• DATA EXCERPTS:
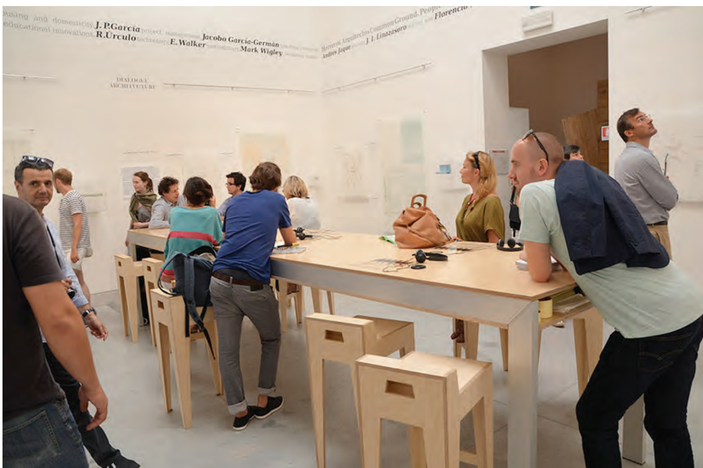
Bilder fra Arkitekturbiennalen i Venezia 2012
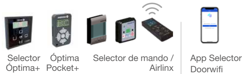
Selector Óptima+ Óptima Pocket+ Selector de mando / Airlinx App Selector Doorwifi

Integración y control remoto: Interface / Openlinx Manulink
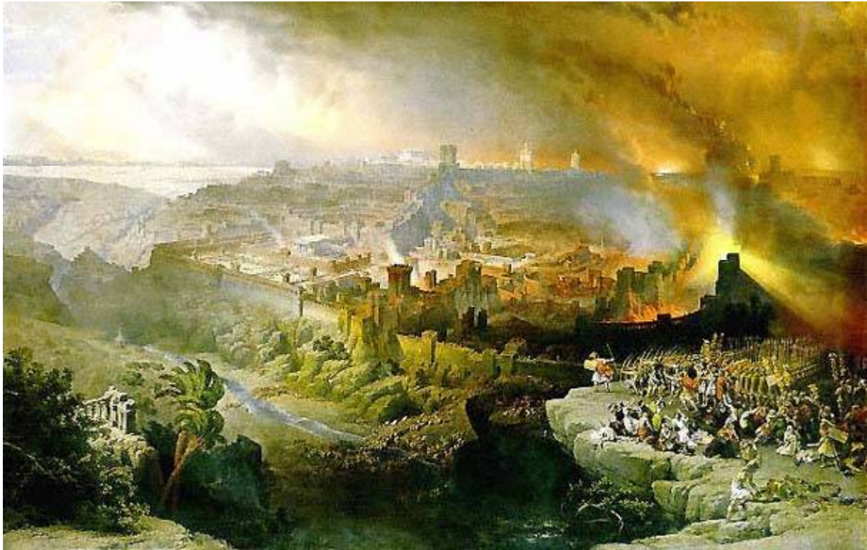
“Zijn bloed kome over ons, en over onze kinderen!” - Mattheüs 27:25 De belegering van Jeruzalem door generaal Titus in 66-70 n.C.

Alle pogingen van Pilatus om Jezus vrij te laten faalden (lees Johannes 19:8-16). Tenslotte, in zijn zwakheid en lafhartigheid, was alles wat hij kon doen zijn handen wassen (Mattheüs 27:24) en Hem overleveren om gekruisigd te worden. Wie droeg de volle verantwoordelijkheid voor deze MISDAAD ALLER MISDADEN (Mattheüs 27:25)? “ al het volk antwoordde en zei: Zijn bloed kome over ons, en over onze kinderen!”
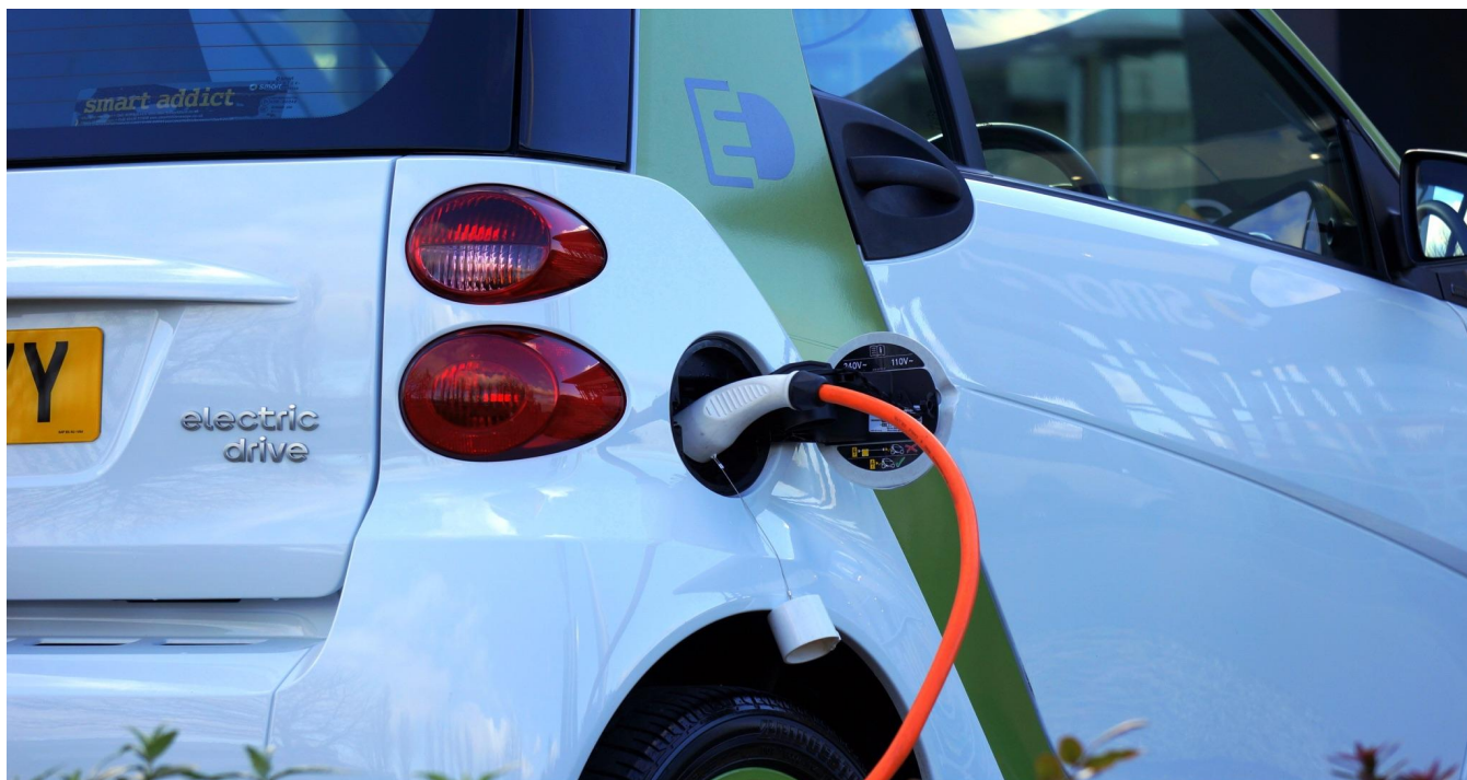
Foto: Een opgeladen elektrische auto

Ten slotte moet, wat D66 betreft, de gemeente voorsorteren op de mogelijke komst van een snellaadstation. Snelladers kunnen, in tegenstelling tot thuisladers en publieke laders, voertuigen opladen in een half uur. Hiervoor zijn laadvoorzieningen met een hogere laadsnelheid mogelijk, DC-laders worden deze laadpalen genoemd. Snellaadstations kunnen worden gebouwd door een marktpartij, maar de gemeente kan ook overwegen deze investering zelf te doen. D66 wil dat er in de nieuwe collegeperiode wordt gezocht naar marktpartijen die mogelijk geïnteresseerd zijn in het realiseren van een snellaadstation in Nieuwkoop, wanneer deze zich niet melden stelt D66 dat de gemeente ervoor moet kiezen om zelf deze laadpalen te realiseren.
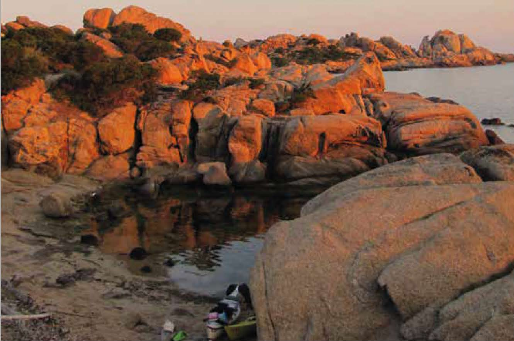
À la pointe de Senetosa.

Entre Tizzano et Senetosa, une dizaine de très belles calanques se succèdent, offrant des possibilités d'accostage et de baignade. Sous le phare de Senetosa, entre les pointes de l'Aquila et de l'Ilusetta, où un merveilleux rase-cailloux s'offre à vous, plusieurs petites criques permettent d'accoster. Profitez-en pour remonter le sentier qui mène au phare. Celui-ci, mérite une visite. Construit en 1890, c'est le dernier phare de Corse à avoir été construit. Il se démarque de l'architecture traditionnelle car il est composé de deux tourelles entourant le bâtiment technique et les logements des gardiens. L'une porte un feu à éclat rouge, l'autre à éclat blanc. Sa construction, nécessaire pour marquer l'entrée des Bouches de Bonifaccio et les écueils des Moines et de Latoniccia, fut longtemps repoussée du fait de son éloignement. De ce fait, son ravitaillement se faisait par bateau depuis Ajaccio plutôt que par la terre jusqu'à son automatisation en 1988. L'ancienne cale est encore visible.
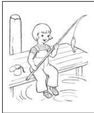
Рис. 4. Мальчик ловит рыбу
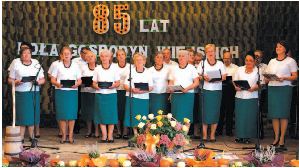
Pięką, gotując, tańcząc i śpiewając, zarażając aktywnością społeczną całe środowisko. O ile uboższe byłyby Nowosielce, gdyby zabrakło w nich Koła Gospodyń Wiejskich. Dwieście lat drogie Jubilatki!
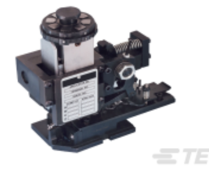
TE 产品编号680588-3 HDM 9HBAPR140S140OG
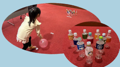
ボウリングイメージ

ボウリングやゲームを通じて楽しくSDGsを学んだり、トイレトペーパーの芯やペットボトルキャップ、牛乳パック、古着などの身近なものをを用いた工作からエコを体験したりすることで、子どもたちのSDGsの理解促進やエコ意識を育むイベントです。
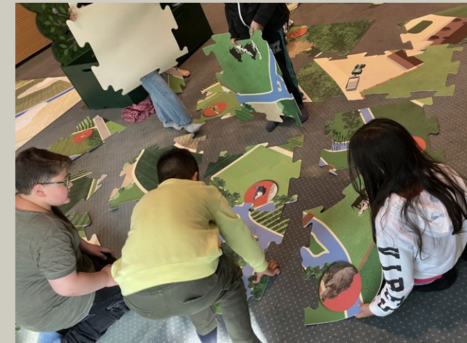
Beim Bodenpuzzle wird der Fluss in die Landschaft eingebettet
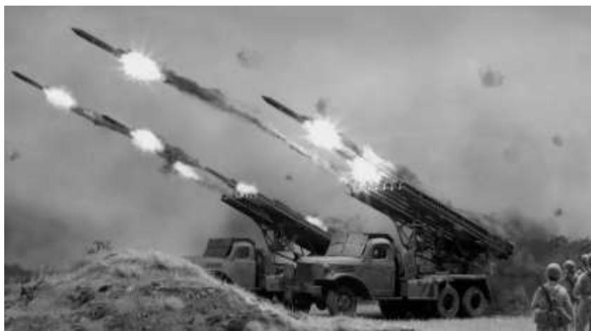
Рисунок 10 – Залп "Катюши"

Нацисты осознали угрозу, исходящую от советских реактивных систем залпового огня, и начали предпринимать все возможное для их уничтожения. Осенью 1941 г., вскоре после первого боевого применения «Катюш» под Оршей, немецкие офицеры начали
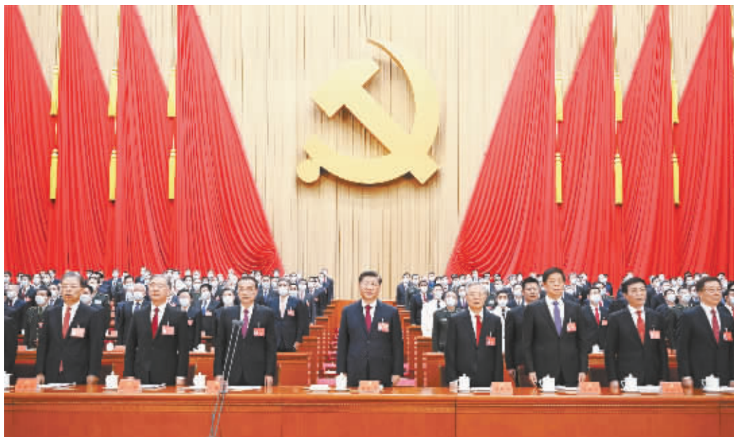
■10月16日,中国共产党第二十次全国代表大会在北京人民大会堂开幕。这是习近平、李克强、栗战书、汪洋、王沪宁、赵乐际、韩正、胡锦涛在主席台上。
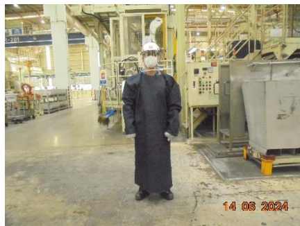
รูปที่ 49 การสวมใส่อุปกรณ์ป้องกันอันตรายส่วนบุคคล บริเวณหน้าเตาหลอมอลูมิเนียม
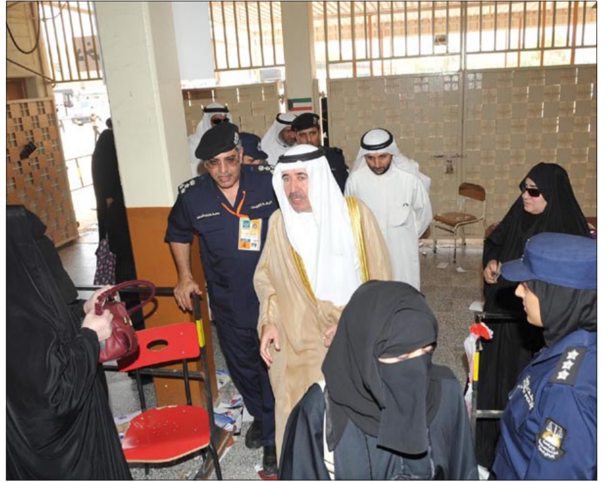
محافظ الجهراء الشيخ مبارك الحمد يتفقد لجان «الرابعة»
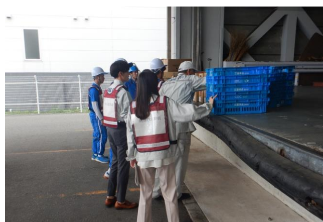
物資の積み込み・検品
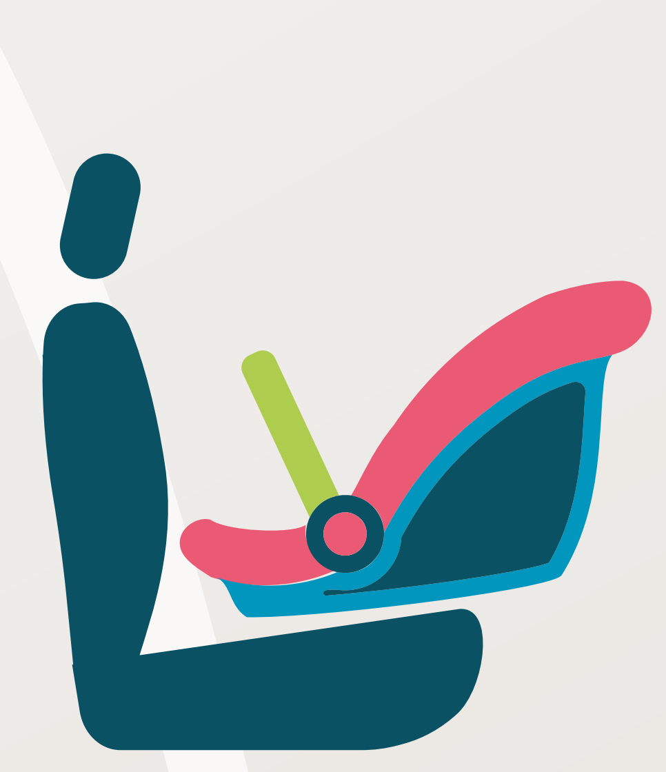
مقعد السيارة المواجه للخلف • منذ الولادة إلى ١٢ شهراً • إبقاء الطفل لأطول فترة ممكنة حتى ٣ سنوات
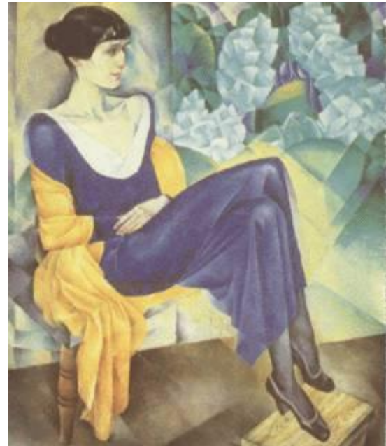
Альтман Н. И. Портрет А. А. Ахматовой. 1914

• WORK INSTRUCTION:
Quote exactly the lines from the line that contains "مقعد السيارة المواجه" through the last line of the listing, please, leaving out all pictures.

• EXPECTED ANSWER:
مقعد السيارة المواجه للخلف • منذ الولادة إلى ١٢ شهراً • إبقاء الطفل لأطول فترة ممكنة حتى ٣ سنوات
Альтман Н. И. Портрет А. А. Ахматовой. 1914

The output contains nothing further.